I had been looking at Daniel's circuit example posted in
a.b.s.e. In it, he included 7 current-limiting resistors.
You are right about only needing one, not two, of course. But
in the topology he illustrated, and if one assumes that the
output drivers are very strong (and not the somewhat more wimpy
ones usually found on real micros), then there is no avoiding
the resistor pair -- all possible pairs of output drivers need
to be permitted and that means you have to put resistors at each
I just took a look at your example, just now, to see the FETs
and so on. You've got 8+5=13 outputs involved. With a spin
switch, speaker, and red/green LED indicator pair, you've got 17
I/O pins. That pushes you to a 28-pin package, pretty much. It
has it's advantages, of course. But Daniel's can be done on a
16- or 18-pin package and (if one realizes that those current
limiting resistors aren't needed) with far fewer external parts.

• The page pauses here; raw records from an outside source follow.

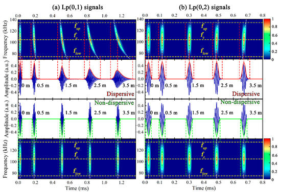 The time domain signals of Lp(0,1) and Lp(0,2) at different x (0.5 m, 1.5 m, 2.5 m, 3.5 m) are plotted in Figure 4. For ease of observation, the center frequency fc, the lower flow and upper fup frequency boundary of the excitation band are marked with yellow dashed lines in the time-frequency diagram, and the white dashed lines represent the group dispersion curves at the given x, which is calculated by x/cg(ω) + 0.5T, where T is the duration of the excitation signal.
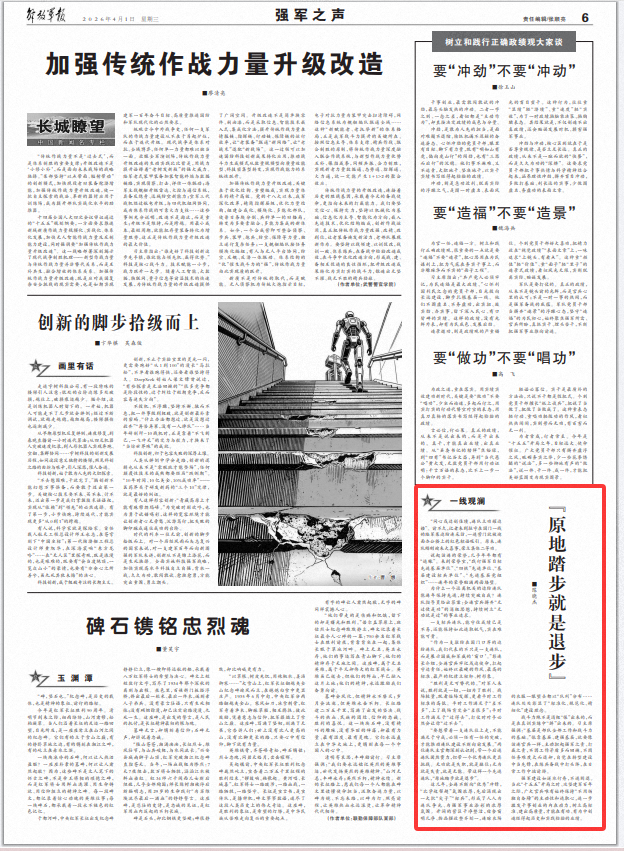 強軍建設如逆水行舟,不進則退。當此“十五五”開局之時、攻堅建軍百年之際,廣大官兵唯有始終保持“不用揚鞭自奮蹄”的主動性和進取心,進一步激發(fā)干事創(chuàng)業(yè)的內在動力,樹立高標準、建出高質量,才能在有功、有為中創(chuàng)造經得起歷史和實踐檢驗的業(yè)績。
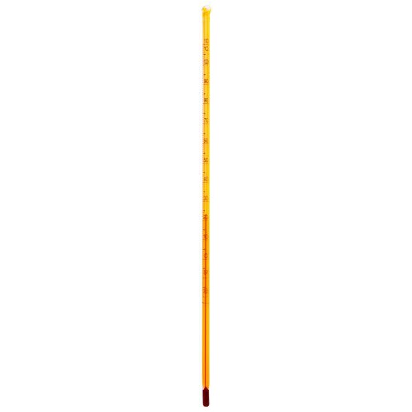 This Immersion Thermometer is a mercury-free, red spirit thermometer that is ideal for reading liquid temperatures in experiments. It features a white back, which makes it easier to read and measures temperatures between -10 and 110 degrees Celsius. This thermometer is marked in increments of 1C and measures 300mm.

>> V(forward) = 1.55V + I(forward) * 21 ohms
>> So we have this equivalent, when an LED is selected and ON:
>> +3.6V <---/\/\/----|>|----/\/\/---> 0V
>> 60 60
> I'm imagining a 5V system, like this, say with a pulsed 25mA
> in the high-efficiency LEDs.
>. R 2n7000 LED PIC
>. ___ ___
>. +5 --/\/\--' '-----|>|-----' '--- gnd
>. 68 10 1.55V 60
In Daniel's topology, the model I showed is about right. In the
model you show here for your arrangement, is that 68 ohm
resistor represented in your circuit shown elsewhere? Or is it
to model the LED?
You see, if you expand my model more fully:
| MSP430 | <--- LED ----> | MSP430 |
+3.6V <---/\/\/-----|>|----/\/\/-----/\/\/---> 0V
60 1.55V 21 60
That now includes the internal resistance to model the high
efficiency red. Current is (Vcc - 1.55)/(60+21+60).
Your model shown above doesn't illustrate that 21 ohm resistor,
from what I can see. So that's why I'm asking.
> One issue, in this simplified scheme the MOSFET may have more
> than 10 ohms of resistance, given that it only has a miserly
> 2.0V of gate drive. If the microprocessor had a lower Ron, say
> 20 ohms, then R would be 110 ohms to set 25mA, and the 2n7000
> FET would have a more reasonable 3.0V of gate drive. Probably
> a set of five NPN transistors with base resistors would be better
> suited as pullups, to solve the FET's Vgs(on) issue.
For simplicity's sake and without some explicit need for the
external driving parts, I'd tend to prefer Daniel's circuit
modified to eliminate the current-limiting resistors. I think a
PIC16F628, for example, could do it using the internal RC
oscillator in a PDIP18 package. I just like fewer parts.